Collection entries:
☆ ☆ ☆ ☆ ☆
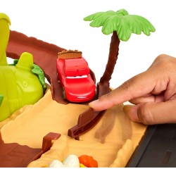 Użyj wyrzutni, aby przeskoczyć lawę Jaskiniowym Zygzakiem McQueen! Czy pojazdowi uda się uniknąć zębów dinozaura? Jeśli tak - czekają go kolejne przygody na torze, takie jak zjazd w dół klifu i odkrycie jaj dinozaurów.
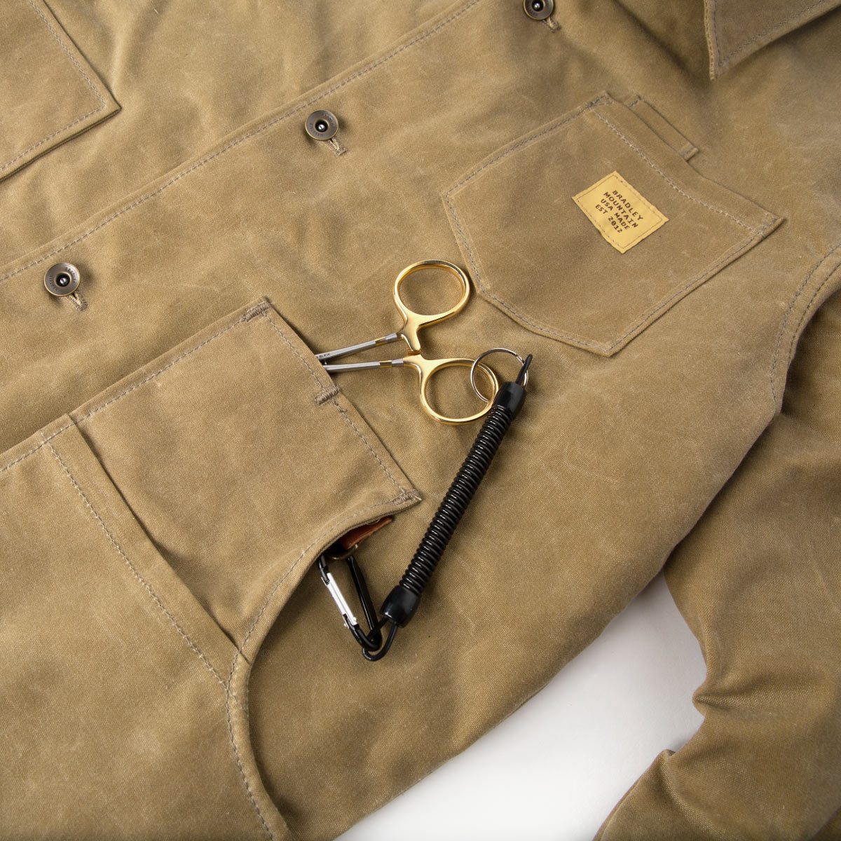 The famous Blanket Lined Cabin Jacket is back for our Fall/Winter collection! This new jacket is lined with 100% USA Milled Wool from Faribault Woolen Mills. It is thick and extremely comfortable. This waxed jacket will protect you from the rain and keep you nice and warm. 12 oz Waxed Canvas Outer 100% USA Made Wool Lining Flannel Lined Sleeves and Pockets Antiqued Brass Button Shanks Antiqued Brass Snaps on Neck Button & Sleeves Fits like a trucker jacket – sits at the belt line Chest Pocket, Pen Slot, Fly Rod Snap, Screws Pockets, D-Ring for Forceps/Tool. Interior Chest Pocket Spot Clean Only USA Made Click here for sizing chart
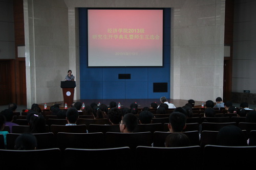 经济学院2013 级研究生开学典礼暨师生互选会于9 月13日上午在图书馆三楼国际报告厅举行。院长刘小军、院党委书记肖培荣、党委副书记张玉娟及各专业硕士点负责人和导师参加。副院长巫建国主持。
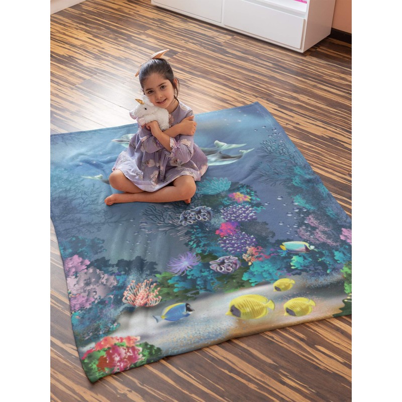 Ocean Sea Fish Soft Throw Blanket All Season Microplush Warm Blankets Lightweight Tufted Fuzzy Flannel Fleece Throws Blanket for Bed Sofa Couch 60"x50"
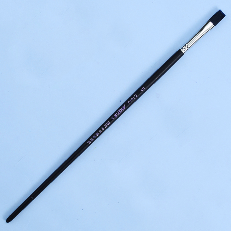 Pędzel nylonowy płaski z włosiem sprężystym i dosyć sztywnym, w kolorze wina. Dedykowany do farb akrylowych, olejnych, temper i gwaszy.
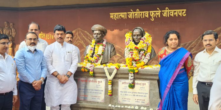 पुणे, दिनांक ३ :- क्रांतीज्योती सावित्रीबाई फुले यांच्या जयंतीनिमित्त महाराष्ट्र शासनाच्या वतीने महिला शिक्षक दिन संपूर्ण राज्यात साजरा केला जात आहे. त्यानिमित्त आज फुले वाडा येथे राज्याचे सामाजिक न्याय मंत्री धनंजय मुंडे यांनी सकाळी उपस्थित राहून सावित्रीबाई फुले व महात्मा ज्योतिबा फुले यांच्या पुतळ्यास पुष्पहार अर्पण करून अभिवादन केले.
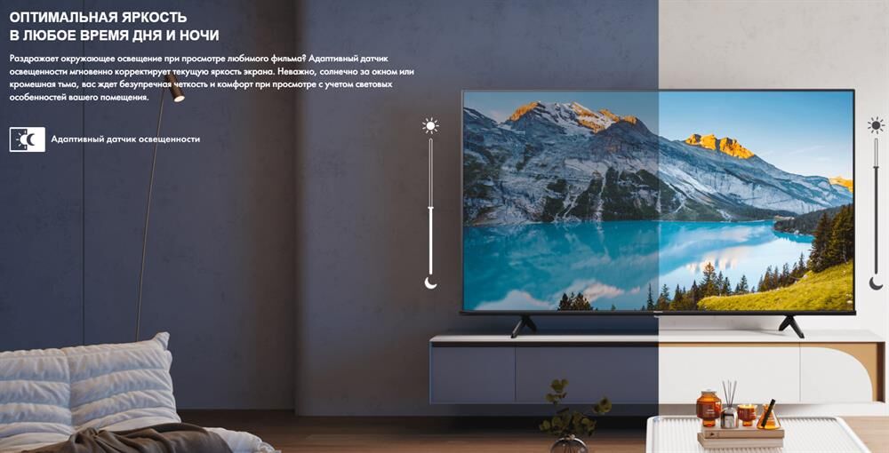 Диагональ 65" Тип матрицы VA Технология квантовых точек Есть Широкая цветовая гамма Есть Соотношение сторон панели 16:9 Время отклика панели 8мс Видимая площадь экрана (см^2) 11478.1 Глубина цвета TCON 8 Bit + FRC Уровень черного 0.1 нит 4K HDR Immersive Есть Режим Filmaker Есть Глубина Depth Enhancer Динамическое улучшение изображения Pixel Tuning Формат экрана 16:9 Разрешение экрана 3840×2160 Угол обзора 178° Глубина цветопередачи 8 бит+технология FRC Индекс частоты обновления 60Гц Яркость 350 нит Технология подсветки QLED & DLED Уровень игрового режима 60Гц Game Mode Plus HSR 120 Гц VRR (Переменная частота обновления) 48-60 Гц Колонки 2.0 ch Мощность звука 2*10 Вт AC-4 Есть Пользовательский эквалайзер Есть Обработка звука Dolby MS12, DTS X Частота 50/60Гц Потребляемая мощность 190Вт Класс энергоэффективности SDR E Класс энергоэффективности HDR G VESA Кронштейн Совместимый 300×400 мм Цифровой и Аналоговый Тюнер DVB-T2/T/C/S2/S Акустическая система Dolby Atmos NICAM / A2 Стерео Есть
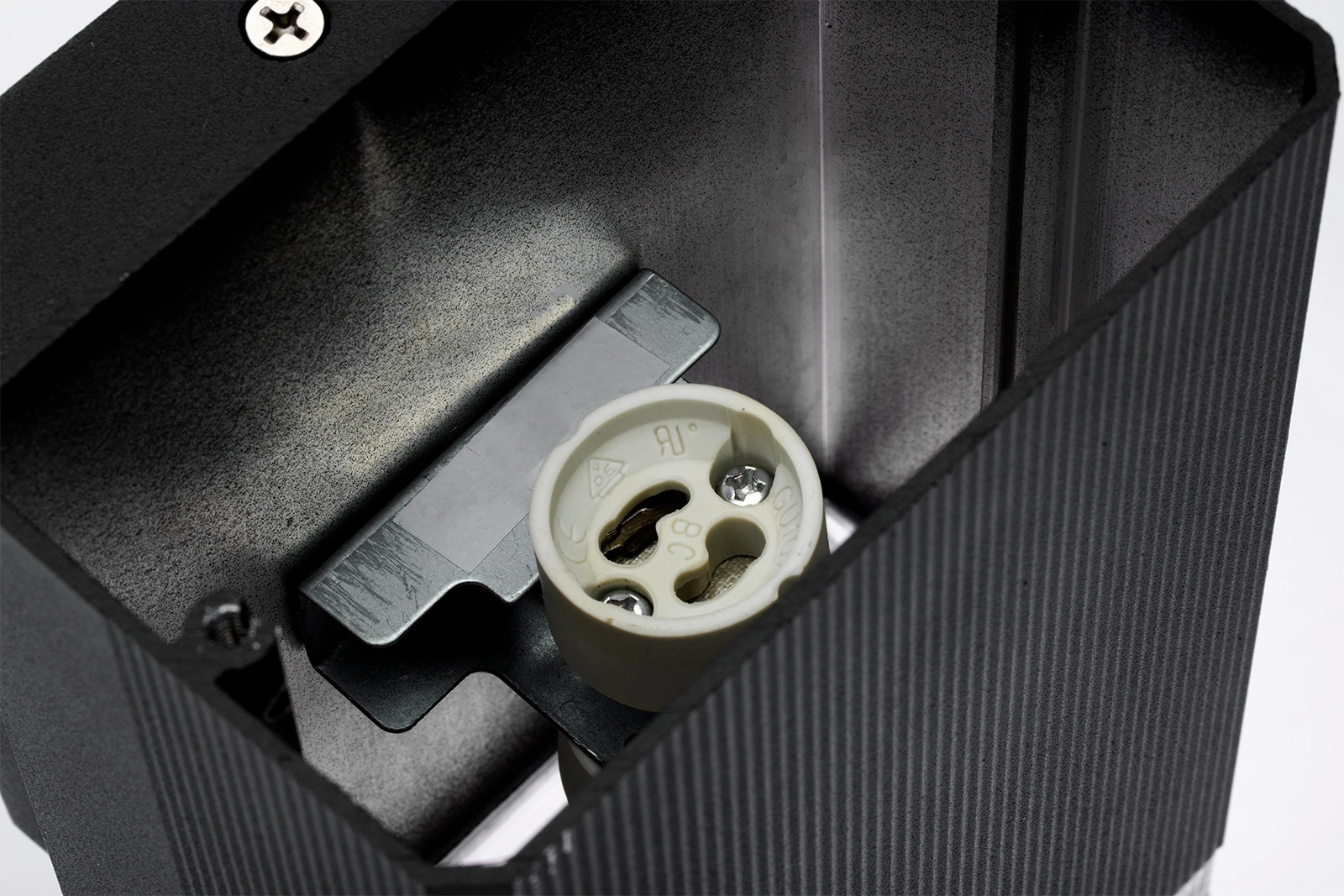 Die Leuchte ist mit dem weit verbreiteten GU10-Schraubsockel ausgestattet, so dass man je nach Bedarf zwischen LED- und herkömmlichen Glühbirnen mit der entsprechenden Wattzahl und Farbe wählen kann. Der Sockel ist ein genormter Steckertyp, der das Anschließen und Auswechseln des Leuchtmittels erleichtert.
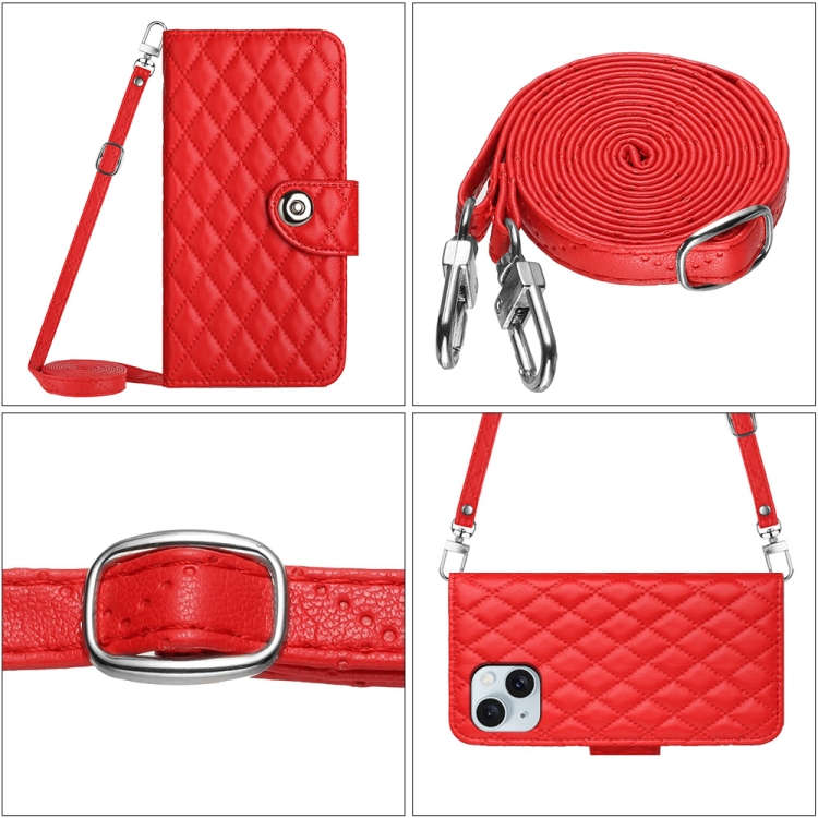 Funda de Cuero para iPhone 15 con Tapa Textura Rómbica y Cordón Largo (Rojo)
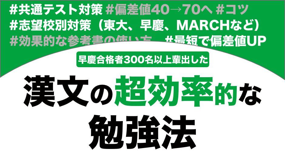 また志望校別の東大、京大、早稲田や難関大志望におすすめの漢文の勉強法から実際にやってよかった漢文の勉強法から共通テスト対策におすすめの漢文の勉強法も解説します。
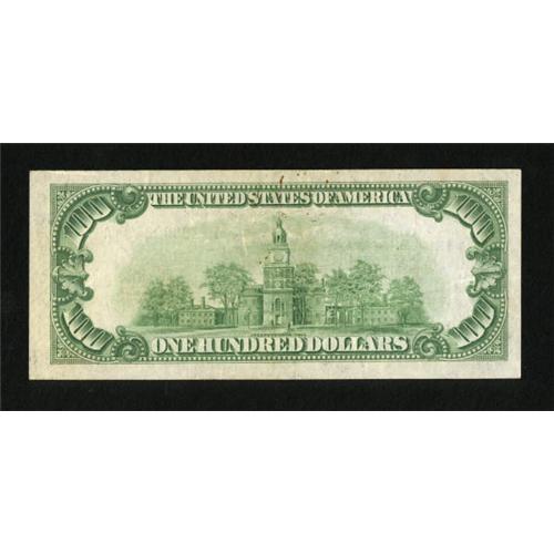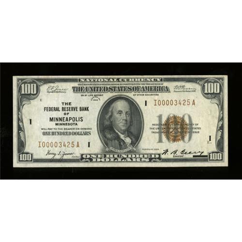 <B>Fr. 1890-I $100 1929 Federal Reserve Bank Note. Extremely Fine-About Uncirculated.</B></I><BR> This Minneapolis $100 has serial number 3425. We can recall only a few three-digit serial numbers over the years for this district and denomination. This example has a center fold and a little more handling plus some rust specks on the back.<BR><BR><b>Shipping:</b> Coins & Currency (<a target="_blank" href="http://www.heritageauctions.com/common/shipping.php">view shipping information</a>)
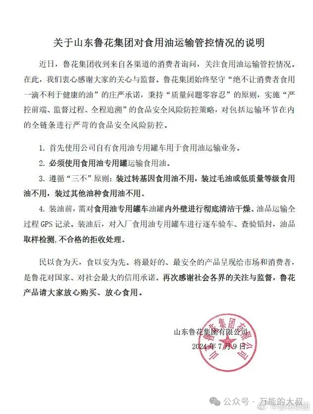 怎么理解这事呢?大叔认为,原因可能有2个吧:在事件没有官方定性之前,一方面大家都想自证清白,另一方面呢,也确实希望能接住这波“泼天”的流量。毕竟,网友看完报道,最焦虑的就是:到底谁家的油才安全呢?
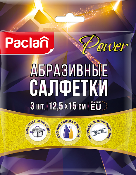 Салфетки абразивные Paclan Power произведены из высококачественной абразивной фибры с использованием особой технологии производства, применяются для мытья сильно загрязненных поверхностей.
☆ ☆ ☆ ☆ ☆
YOUR GOAL:
Copy out nothing but the lines from the beginning of the records through the one that contains "Pędzel nylonowy płaski". Skip the pictures.

OUTPUT OF THE EXERCISE:
 Użyj wyrzutni, aby przeskoczyć lawę Jaskiniowym Zygzakiem McQueen! Czy pojazdowi uda się uniknąć zębów dinozaura? Jeśli tak - czekają go kolejne przygody na torze, takie jak zjazd w dół klifu i odkrycie jaj dinozaurów.
 The famous Blanket Lined Cabin Jacket is back for our Fall/Winter collection! This new jacket is lined with 100% USA Milled Wool from Faribault Woolen Mills. It is thick and extremely comfortable. This waxed jacket will protect you from the rain and keep you nice and warm. 12 oz Waxed Canvas Outer 100% USA Made Wool Lining Flannel Lined Sleeves and Pockets Antiqued Brass Button Shanks Antiqued Brass Snaps on Neck Button & Sleeves Fits like a trucker jacket – sits at the belt line Chest Pocket, Pen Slot, Fly Rod Snap, Screws Pockets, D-Ring for Forceps/Tool. Interior Chest Pocket Spot Clean Only USA Made Click here for sizing chart
 经济学院2013 级研究生开学典礼暨师生互选会于9 月13日上午在图书馆三楼国际报告厅举行。院长刘小军、院党委书记肖培荣、党委副书记张玉娟及各专业硕士点负责人和导师参加。副院长巫建国主持。
 Ocean Sea Fish Soft Throw Blanket All Season Microplush Warm Blankets Lightweight Tufted Fuzzy Flannel Fleece Throws Blanket for Bed Sofa Couch 60"x50"
 Pędzel nylonowy płaski z włosiem sprężystym i dosyć sztywnym, w kolorze wina. Dedykowany do farb akrylowych, olejnych, temper i gwaszy.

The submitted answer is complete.